In the early hours of August 11, the Senate passed a $3.5 trillion budget resolution on a party-line vote, just a day after passing the $1.2 trillion Bipartisan Infrastructure Framework (BIF). Passage of a budget resolution by the House and Senate is the predicate step for the Senate’s use of the budget reconciliation process to pass certain policies via a majority vote and avoid the obstacle of a Senate filibuster.
Specifically, the budget resolution is a framework that provides topline funding levels and instructions to the Senate committees of jurisdiction. The resolution directs these committees to report to the Budget Committee legislation that either funds existing programs or raises revenue in a manner consistent with the budget resolution instructions. Majority Leader Schumer (D-NY) has said he expects the Senate committees to report their reconciliation packages to the Budget Committee by September 15.

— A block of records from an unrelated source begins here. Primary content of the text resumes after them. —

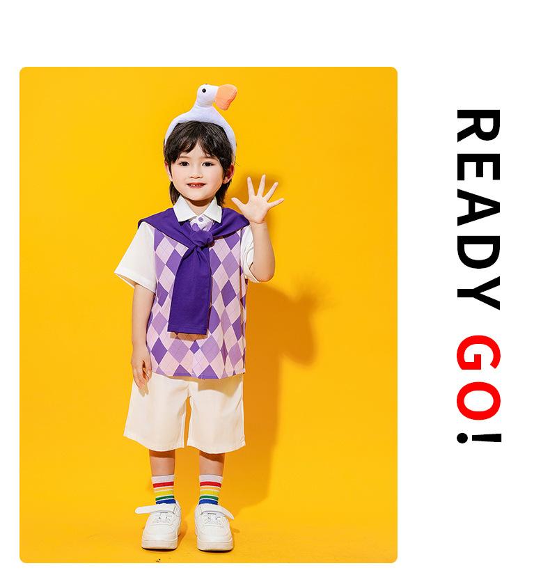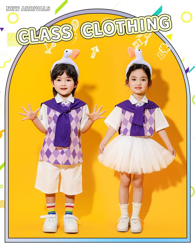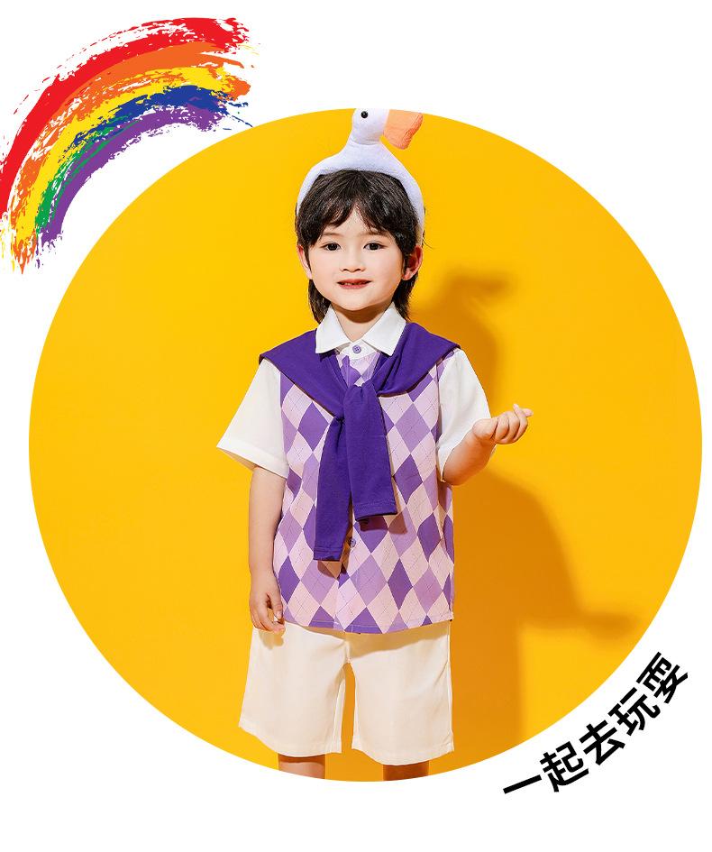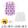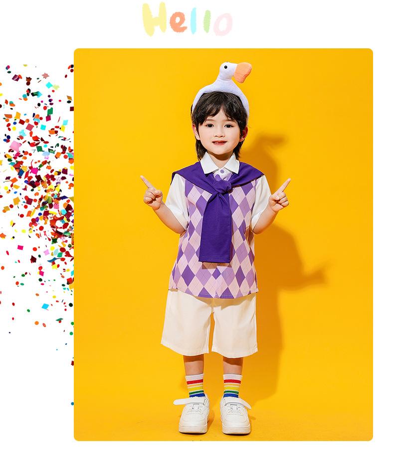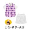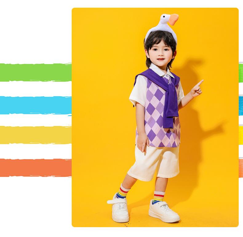 550 purple plaid shirt + 875 white shorts + white duck headwear + rainbow socks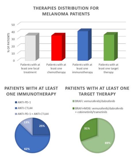 Summary of the most common therapeutic approaches in the Italian clinical landscape for the treatment of advanced metastatic melanoma. Between 30 and 40% of all patients receive at least one immunotherapy or at least one targeted therapy (upper panel). Among the patients treated with immunotherapeutic agents, Anti-CTLA4 (ipilimumab) monotherapy is the most administered (lower panel, left). BRAFi and MEKi combination is the most used targeted therapy (lower panel, right). Data elaborated from [].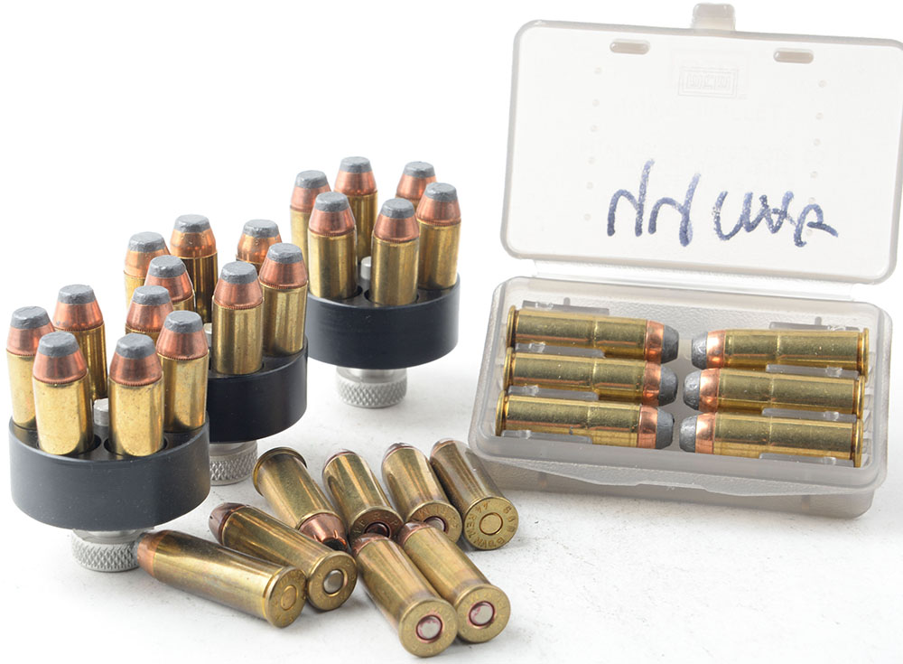 Lot of 32, .44 S&W Magnum. (6) by Remington, HP CJ, (6) by Winchester, FN CJ SP. (2) by Sellier Bellot, FN CJ SP. (18) by Remington, FN CJ SP, in three HKS speedloaders. Grade Excellent - Value: 20 to 40

The House will now need to either adopt the Senate-passed budget resolution or amend the resolution and send it back to the Senate. Democrats’ interest in the resolution as a vehicle to advance a host of policy and spending priorities is high. Not wanting to delay, the House announced it will return early from its August recess to debate and vote on the resolution beginning August 23.
House passage of a budget resolution remains likely; however, it is unclear exactly what compromises or alliances Speaker Pelosi (D-CA) will negotiate to cobble together the votes needed for passage in that chamber. On the one hand, progressive members of the House insist that the budget be consequential in scope and scale as they seek to lock in as much of the Biden agenda as possible. On the other hand, moderate members remain uncomfortable with both the size and many of the policies set forth in the Senate-passed budget resolution and would prefer the House simply move to consideration of the BIF. With a four-vote majority and help from Republican members unlikely, House Democratic leadership must find a way forward that satisfies both of these camps. The dog days of August, once a predictably quiet month on Capitol Hill, are proving to be anything but in 2021. The next several weeks will determine the path for rest of the year as Congress and the White House look to build accomplishments and the 2022 midterm elections begin to emerge on the horizon.